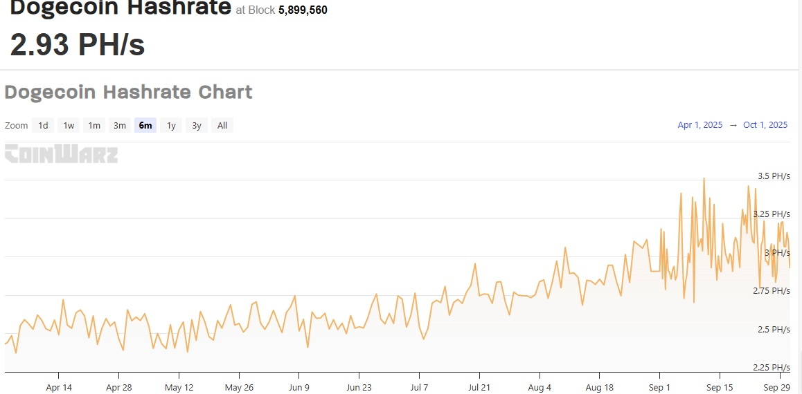 Для цепочки Proof-of-Work, такой как Dogecoin, устойчивый рост хешрейта остается критически важным для сохранения устойчивости сети к потенциальным атакам 51%.
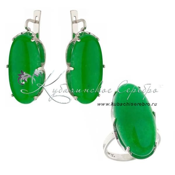 Комплект серебряный с зеленым агатом, арт №8366/3
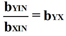 Now that we have translated the equation for Y and IN, we can observe how the requirements of an instrument can permit the observation of the causal effects of X on Y. First, as identified above, the instrument can not have a direct influence on Y. By satisfying this requirement, we can remove the direct effects portion of the equation because bYIN is assumed to be equal to 0.
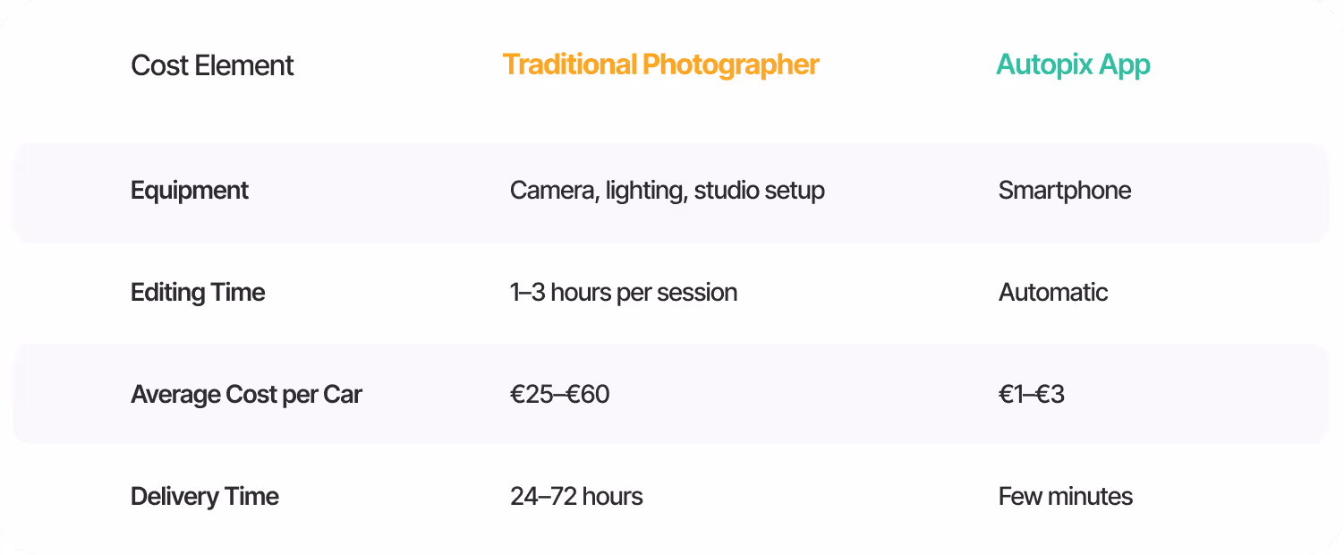 Et stadig større antall bilforhandlere oppdager en raskere og rimeligere måte å lage profesjonelle bilbilder på. I stedet for å leie fotografer eller bruke timer på redigering, bruker de nå en bilfoto-app for forhandlere som Autopix – et AI-drevet verktøy som forvandler vanlige mobilbilder til studioklare bilder på få minutter.
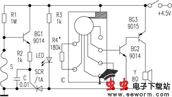 如附图所示。电路中由R1为BG1的b极提供偏置电压。在警戒状态下,b极偏置电压经警戒线S对地短路,BG1不工作。如遇盗情,S被断开,BG1立即得电工作。BG1射极电流经R2触发SCR导通,指示灯LED亮,IC输出报警信号,经BG2、BG3复合放大后,驱动扬声器放音。这时即使是把S重新接通,也照报不误,只有关闭电源开关才能解除报警,所以具有防破坏作用。
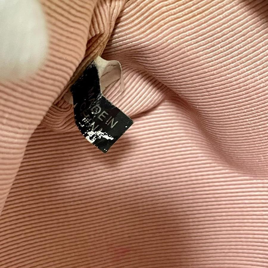 多少の使用感あります。詳細は写真をご参照ください。内側の布地全体に使用に伴う薄い汚れや変色(くすみ)がございます。また、底付近に小さな赤い点状の色移りが数か所確認できます。
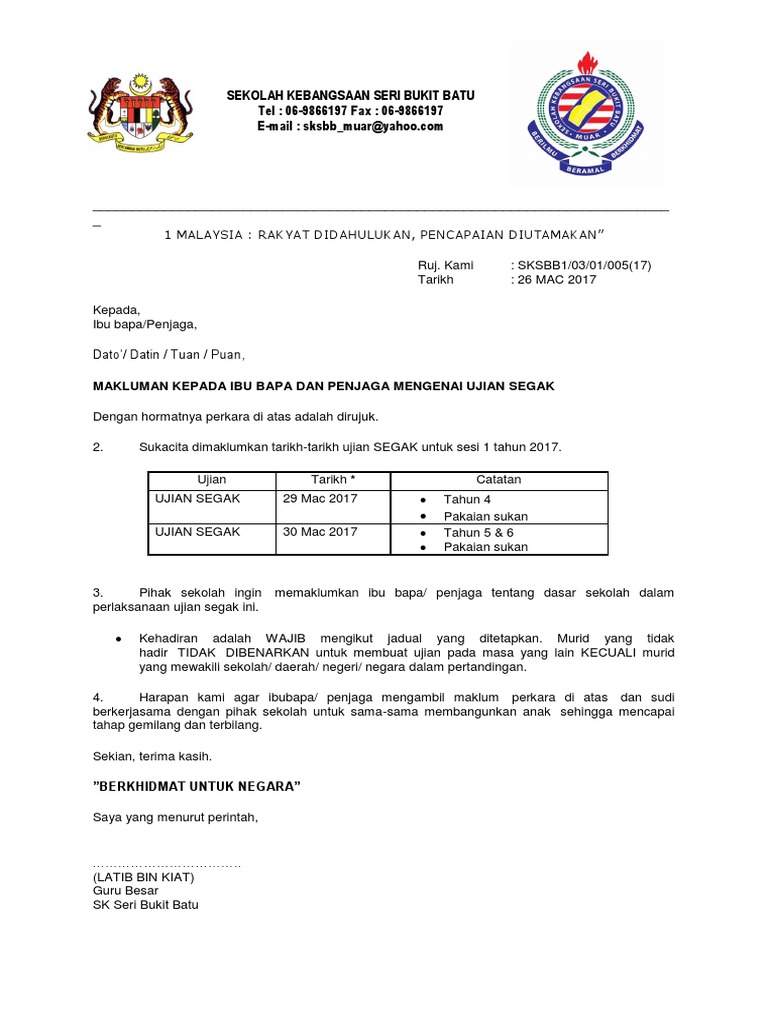 Surat Makluman Ujian Segak 2019
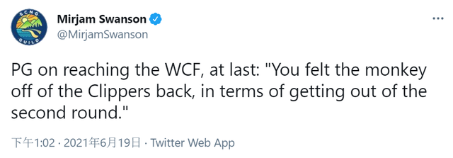 同时乔治也坦言,随着球队打进西部决赛,感觉所有人都如释重负。
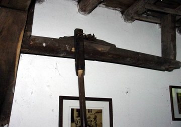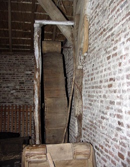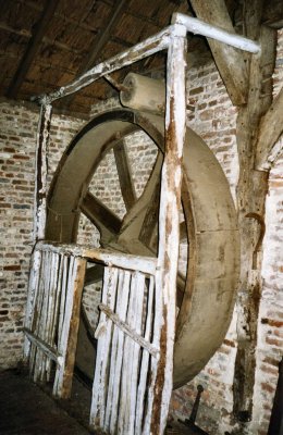 Het houten loopwiel staat binnen in de stal, heeft een diameter van 250 cm en een loopbreedte van 38 cm.
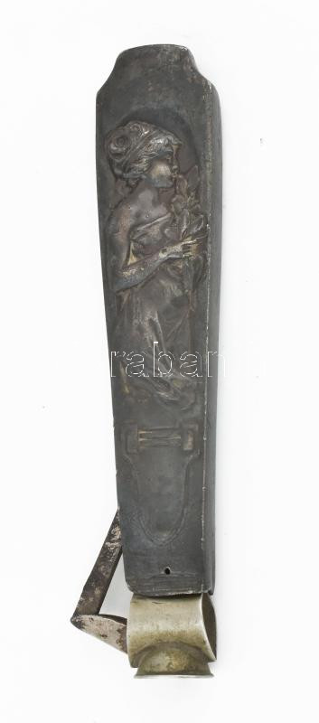 Leírás: Szecessziós, antik fém szivarvágó, 13,5 cm
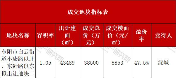 绿城溢价47.5%竞得东阳城区低密宅地
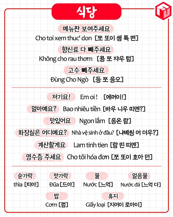 베트남 식당 회화로는 다양한 표현이 필요합니다. 우선 메뉴판 보여주세요는 베트남어로 ‘Cho toi xem thuc‘ don [쪼 또이 셈 특 떤]’입니다. 고수를 빼고 싶다면 ‘Đùng Cho Ngò [등 쪼 응오]라고 말할 수 있는데요. 고수 외 향신료를 모두 빼달라고 하고 싶을 떄에는 ‘Không cho rau thơm 콩 쪼 쟈우 텀]’이라고 말하면 됩니다.
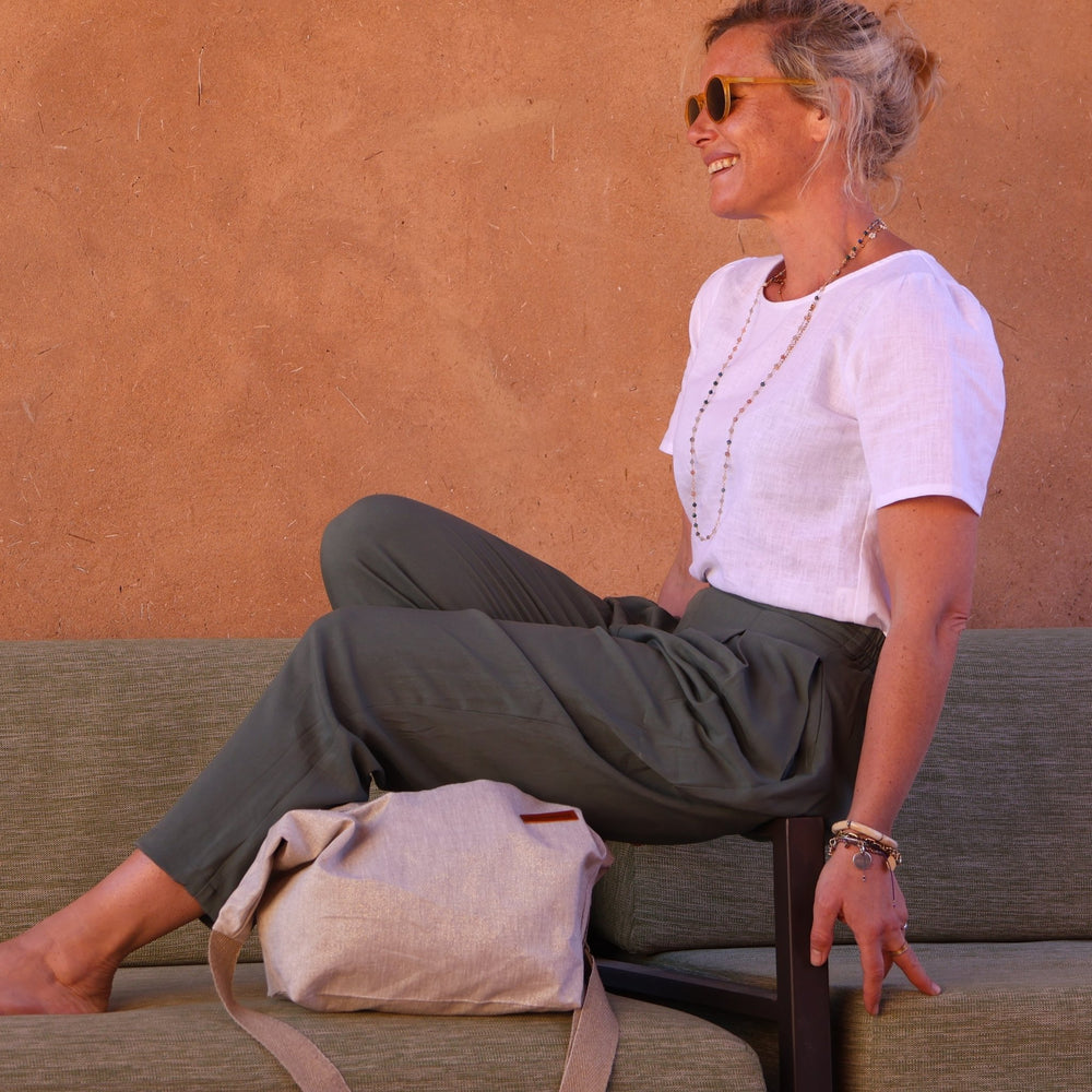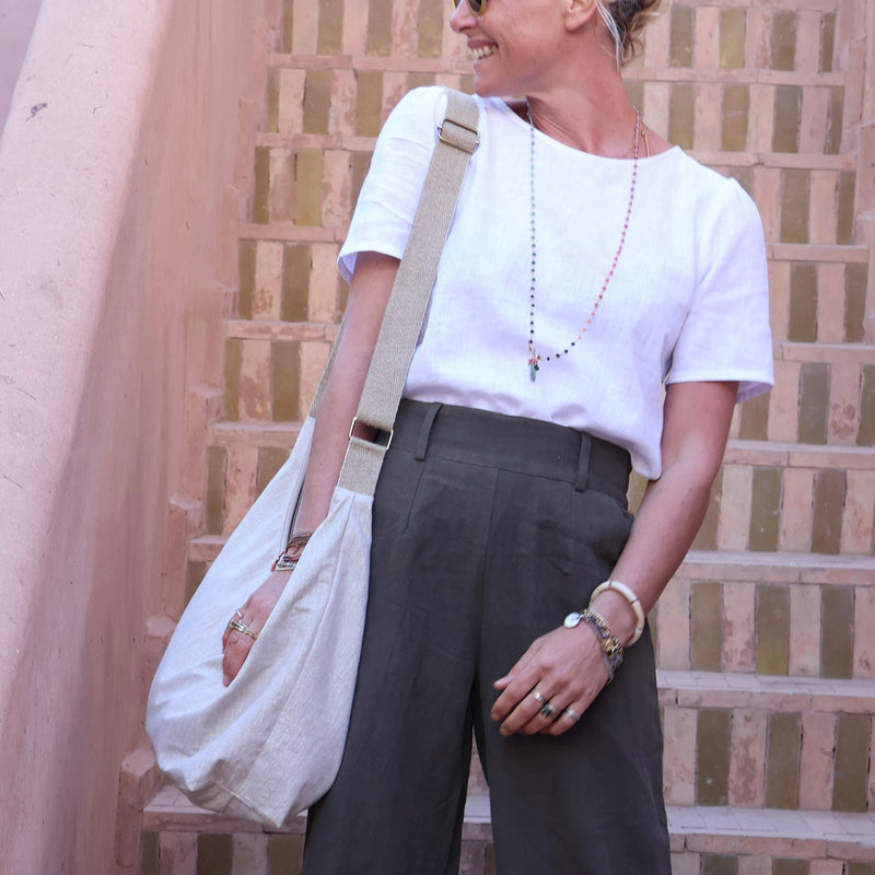 La bandoulière réglable en lin a été fabriquée dans le nord de la France, permettant de changer la longueur du sac facilement.

EXERCISE OBJECTIVE: Pictures are skipped here. Print exactly, and only, the lines from the one holding "Het houten loopwiel" through the final line of the material above, both ends included.

FINISHED TASK:
 Het houten loopwiel staat binnen in de stal, heeft een diameter van 250 cm en een loopbreedte van 38 cm.
 Leírás: Szecessziós, antik fém szivarvágó, 13,5 cm
 绿城溢价47.5%竞得东阳城区低密宅地
 베트남 식당 회화로는 다양한 표현이 필요합니다. 우선 메뉴판 보여주세요는 베트남어로 ‘Cho toi xem thuc‘ don [쪼 또이 셈 특 떤]’입니다. 고수를 빼고 싶다면 ‘Đùng Cho Ngò [등 쪼 응오]라고 말할 수 있는데요. 고수 외 향신료를 모두 빼달라고 하고 싶을 떄에는 ‘Không cho rau thơm 콩 쪼 쟈우 텀]’이라고 말하면 됩니다.
 La bandoulière réglable en lin a été fabriquée dans le nord de la France, permettant de changer la longueur du sac facilement.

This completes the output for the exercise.